Буран 2.0 - страница 16
11.
Следующим утром, почти ровно через сутки после попытки покушения, агент спецотдела ФБР сидел в кресле для посетителей и с любопытством рассматривал интерьер Овального кабинета, знакомый лишь по фотографиям и телерепортажам. (Когда ещё снова придется побывать!) Президент стоял возле окна, отодвинув рукой портьеру, и отрешённо всматривался вдаль, словно пытаясь разглядеть что-то очень важное.
– …Я работал. Вот за этим столом. – Он кивнул, не поворачиваясь, на легендарный «Резолют». – Я много думал о произошедшем. И вчера, и сегодня. Подспудно любой человек на этом посту понимает, что в любой момент может стать жертвой покушения. И я не исключение. Невозможно быть хорошим для всех. И вы это лучше меня знаете – за это вам и платят. Люди не меняются, и я всегда чётко понимал, что должность президента – это мишень. Но знаете, что меня беспокоит больше? Непостижимая странность произошедшего. Я этого охранника хорошо знал. Вчера утром его видел. Мы даже поприветствовали друг друга. Так принято. А через полчаса он вошёл ко мне в кабинет с оружием в руках… В моём представлении это не вяжется.

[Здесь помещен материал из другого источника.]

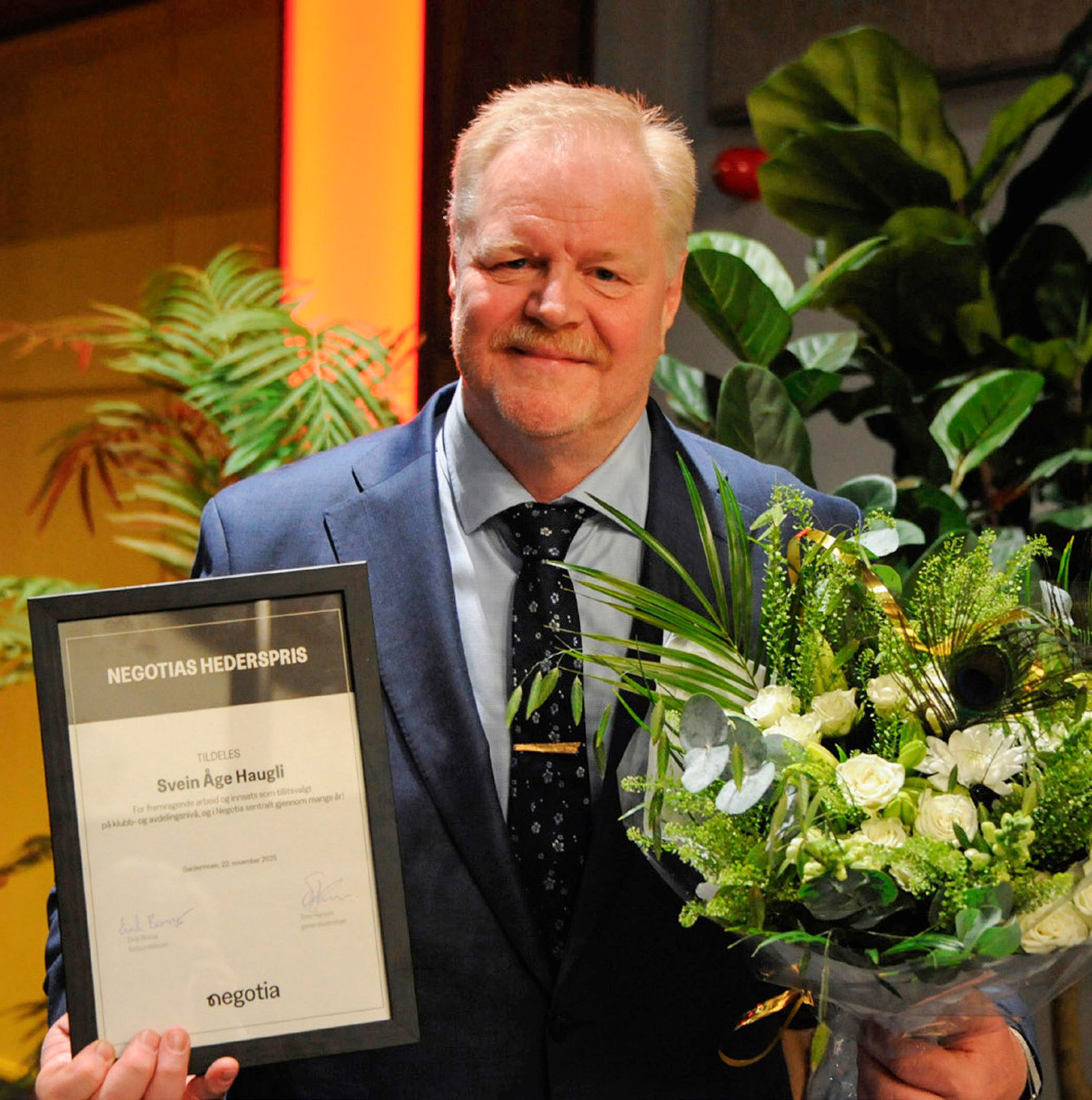 Under landsmøtets festmiddag ble Svein Åge Haugli tildelt den høythengende hedersprisen for sin store innsats for Negotia gjennom mange år.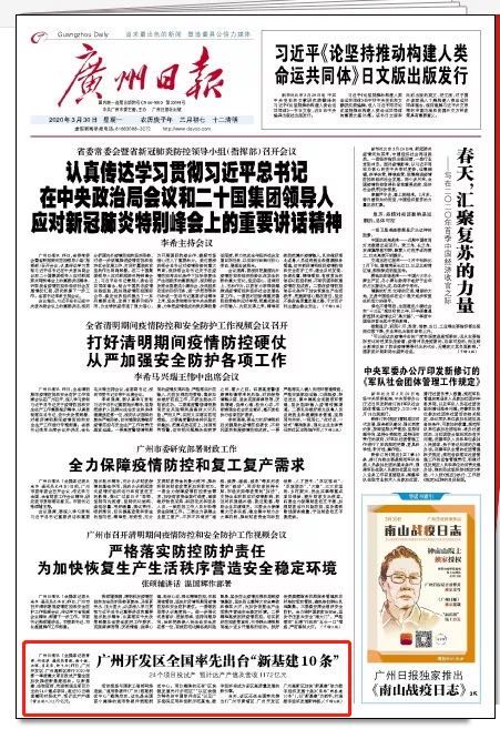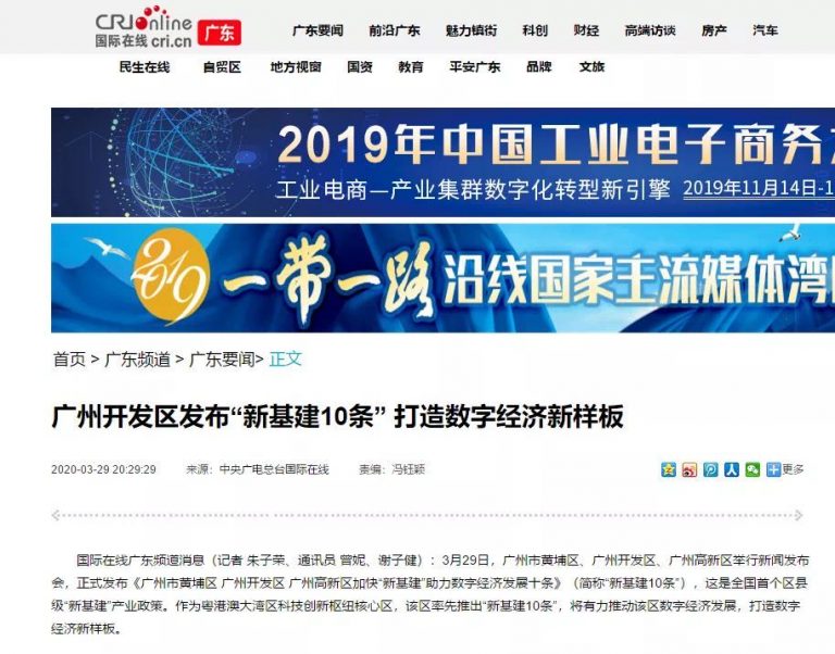 当天活动中,广州开发区、广州高新区在全国率先推出“新基建10条”,这是全国首个区县级“新基建”产业政策,以下多个央视栏目都进行了报道。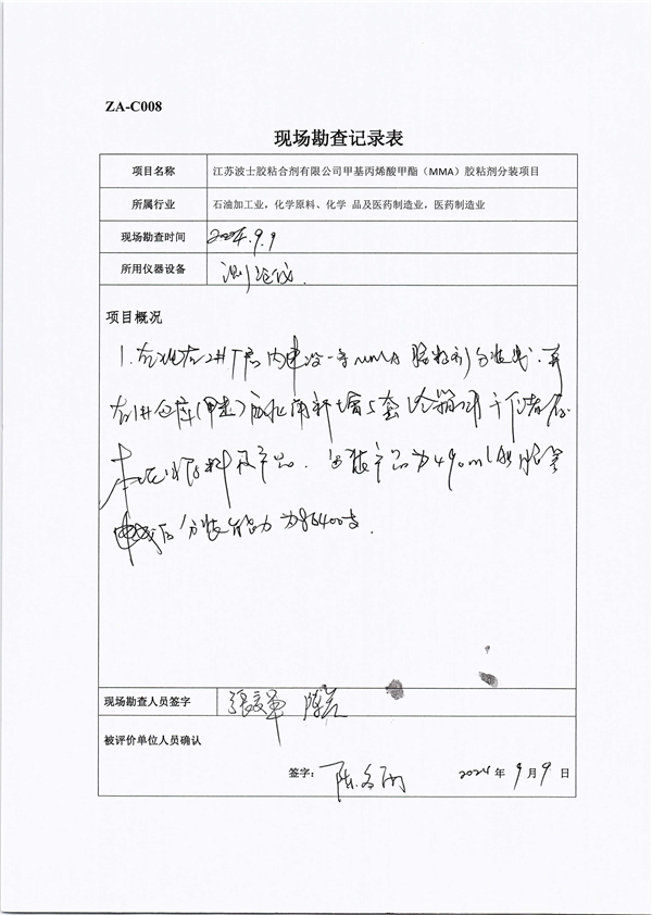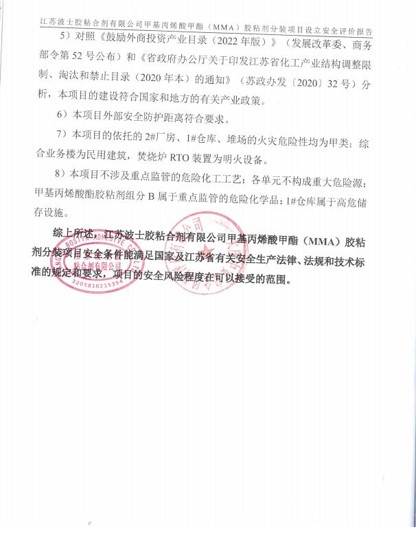 江苏波士胶粘合剂有限公司甲基丙烯酸甲酯(MMA)胶粘剂分装项目安全条件能满足国家及江苏省有关安全生产法律、法规和技术标准的规定和要求,项目的安全风险程度在可以接受的范围。 |

Президент замолчал. После паузы заговорил фэбээровец, спросил:
– Господин президент, про момент появления Джексона расскажите максимально подробно. Вы упомянули про некую странность. В чём она состояла? Может быть, вам удалось что-то вспомнить, о чём вчера вы не сказали? Может быть, у вас за ночь возникли какие-нибудь мысли по этому поводу, или предположения, пусть даже самые невероятные? Мне важна любая деталь.

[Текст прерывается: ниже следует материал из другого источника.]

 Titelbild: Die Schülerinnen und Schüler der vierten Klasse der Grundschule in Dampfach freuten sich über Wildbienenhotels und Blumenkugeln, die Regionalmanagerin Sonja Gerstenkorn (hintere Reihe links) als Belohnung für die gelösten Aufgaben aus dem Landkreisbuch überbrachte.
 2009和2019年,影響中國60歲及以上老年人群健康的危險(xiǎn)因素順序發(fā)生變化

Президент оторвался от разглядывания пейзажа за окном и посмотрел на следователя:
– Сам Джексон был странным.
– Простите, а в чём эта странность проявилась?

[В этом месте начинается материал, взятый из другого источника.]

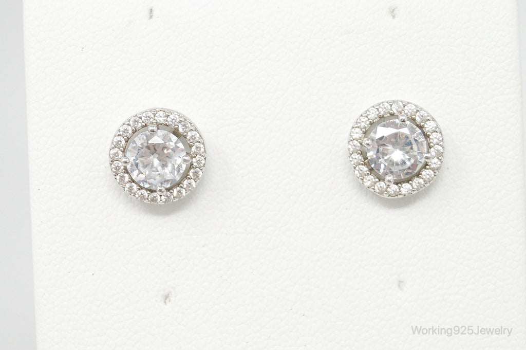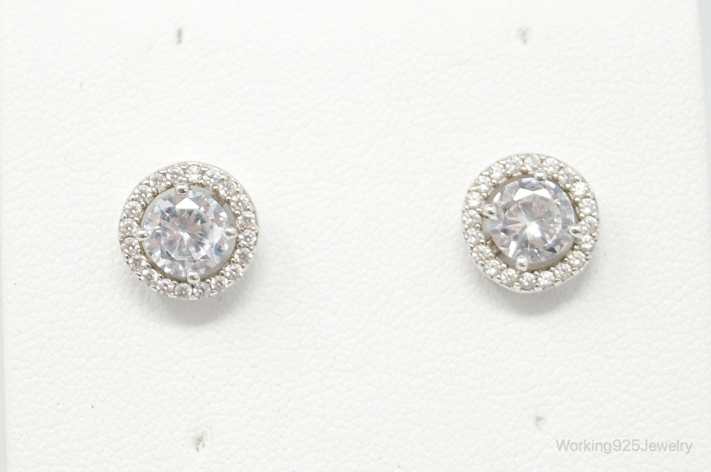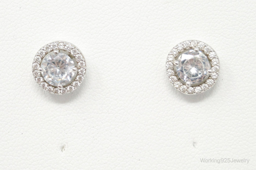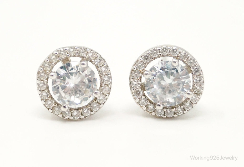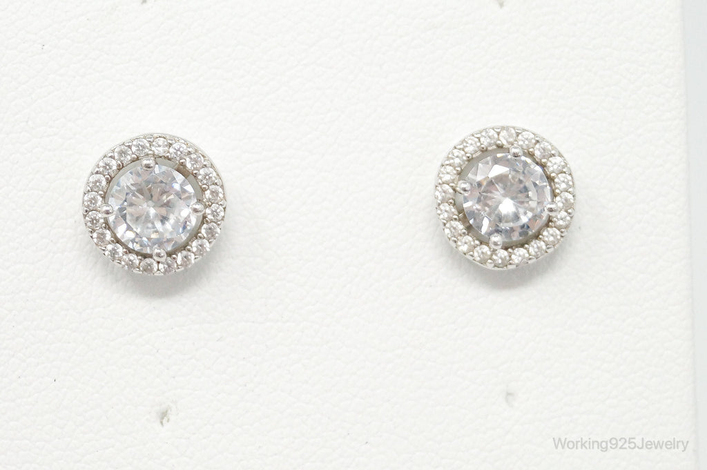 Large Cubic Zirconia Sterling Silver Stud Post Earrings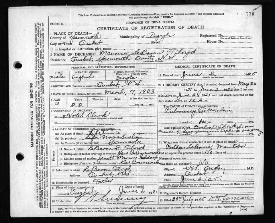 Death Registration: Year: 1925 file: 111 number: 773

– То, как он шёл и как себя вёл. Джексон – бывший «морской котик», у него походка подтянутая, как у любого военного, а вчера он шёл иначе: осторожно и неуверенно. Кроме того, он, хоть и держал меня на мушке, но глазами вертел по сторонам, словно впервые попал в Овальный кабинет и раритеты на стенах ему в диковинку. Как и вам, к примеру.
Следователь смутился:
– Простите, но я первый раз в Белом доме – вряд ли когда-нибудь придётся побывать здесь снова.
– Вот-вот, в первый раз… Вы не смущайтесь, это особое место – здесь все в первый раз ведут себя с любопытством. И он также… Смотрел кругом, словно ничего этого никогда не видел.
– И?
– Вы знаете, страха не было. Я почему-то сразу понял, что происходит. Эмоций не было вообще. Говорят, в минуту смертельной опасности у человека вся жизнь перед глазами проходит. У меня не так. Всё было спокойно, как сейчас, но только тогда на меня был ещё направлен пистолет. Да, вот что! Вчера в суматохе я этого не осознавал, а агентов, что восстанавливали картину нападения, волновали внешние детали, да и мне то, что я хочу сейчас сказать, представлялось вчера несущественным и казалось результатом стресса.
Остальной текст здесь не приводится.